Final Assignment: Machine Learning Analysis
Machine learning in this course is assessed by your machine learning analysis on the Oosterhout dataset. During the machine learning modules we will cover several analytical techniques and your are tasked to apply the most suitable technique to answer your research question.
Pre-requisites
By the time we start exploring machine learning you should have:
- created a research questions based on the problem statement;
- a preprocessed of the Oosterhout dataset in powerBI;
- a .csv file extracted from the Oosterhout dataset relevant to your research question.
And finally, when we finished you should have completed module 1 tot 10 of the codecademy course "Basics of Machine Learning".
Modeling
- For every machine learning algorithm we learn we will make a suitable model on the Oosterhout dataset!
- The structure of the model and it's outcome and predictor variables will be informed by you problem statement and/or research question.
- You will then create your fully fitted model.
- Subsequently: test, re-fit and validate your model. Create a new model on a new line for every re-fit. Keep track of any predictor variables you exclude from the full model when re-fitting.

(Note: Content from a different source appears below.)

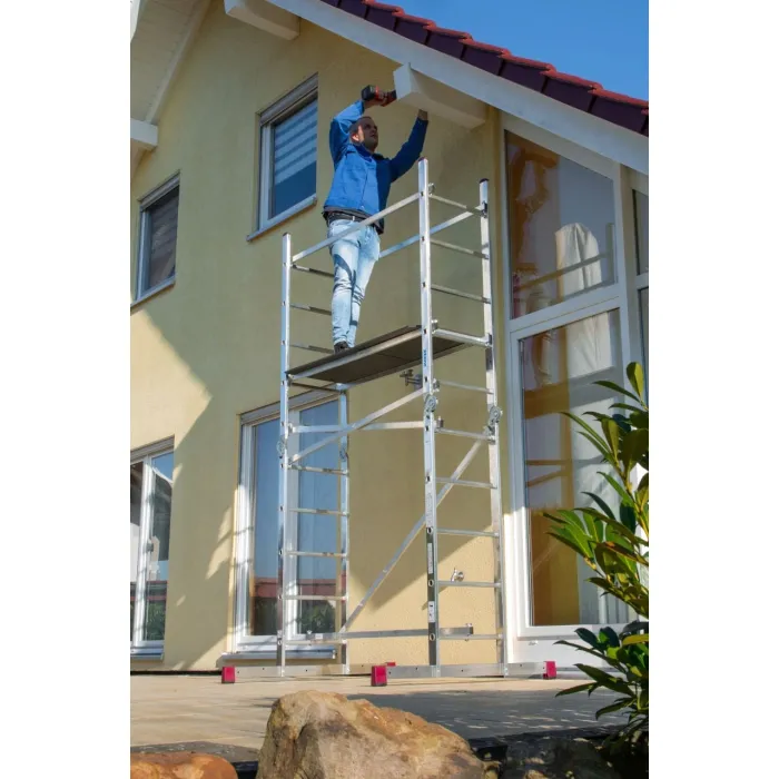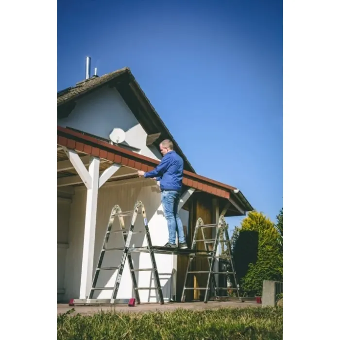 Благодарение на 2 интегрирани колела на единия стабилизатор, платформата е мобилна в сглобено състояние. Пести време при сглобяване, поради използването на четири иновативни панти на елементите на стълбата. Подходяща за използване на стълбища и площадки. Платформа, устойчива на хлъзгане и атмосферни влияния (размер на платформата 1,.50 м x 0.56 м). 2 широки стабилизатора за допълнителна стабилност. Държач за баластни тежести (баластни тежести като налични аксесоари) са включени в пакета. Платформа, подходяща за максимално натоварване от 150 кг/м².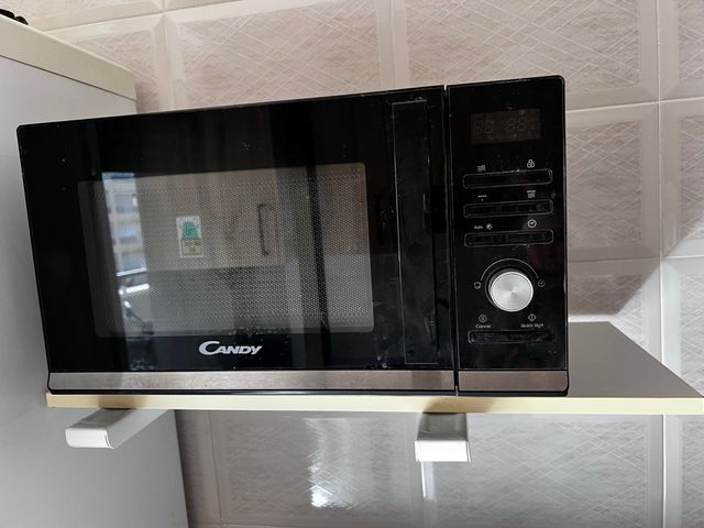 Microondas Candy en color negro, con un diseño moderno y elegante. - Puerta de cristal. - Panel de control digital. - Botón de inicio rápido.

Motivate why you are excluding; or including new variables using in-line comments.
- Choose the best model regarding your research problem and research question, motivate your answer and submit your evidence; so the filled-in template script below, to github and refer to that script in your learning- and work-log.
Deliverable
Download the Juypter Notebook Templatefor delivering your models here, if you haven't done so already. To download the script, open the raw file, right-click and ‘save as' into a location of choice. Make sure to rename the file appropriately.
The Jupyter notebooks or .py scripts are to be uploaded to Github no later than 5pm on last data lab day.
Assessment Criteria
See the self-assessment in microsoft teams for the assessment criteria.